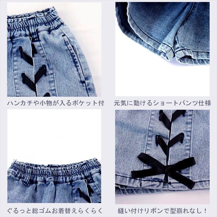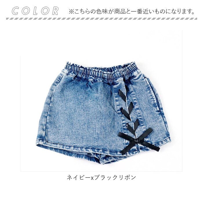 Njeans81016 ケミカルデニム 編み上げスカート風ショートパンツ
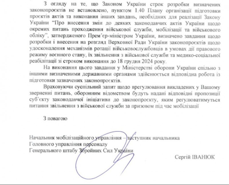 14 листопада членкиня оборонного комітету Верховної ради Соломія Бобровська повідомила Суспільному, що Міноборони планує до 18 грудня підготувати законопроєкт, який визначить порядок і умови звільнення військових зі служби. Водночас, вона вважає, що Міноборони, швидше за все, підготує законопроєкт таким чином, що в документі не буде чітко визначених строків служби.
* * *
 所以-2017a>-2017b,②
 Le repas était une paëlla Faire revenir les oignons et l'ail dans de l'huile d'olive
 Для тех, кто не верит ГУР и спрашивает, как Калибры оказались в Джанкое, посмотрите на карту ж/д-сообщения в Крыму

[EXERCISE] Print exactly the lines above from the one with "所以-2017a>-2017b,②" to the one with "Для тех, кто", including both.

[EXERCISE RESULT]
 所以-2017a>-2017b,②
 Le repas était une paëlla Faire revenir les oignons et l'ail dans de l'huile d'olive
 Для тех, кто не верит ГУР и спрашивает, как Калибры оказались в Джанкое, посмотрите на карту ж/д-сообщения в Крыму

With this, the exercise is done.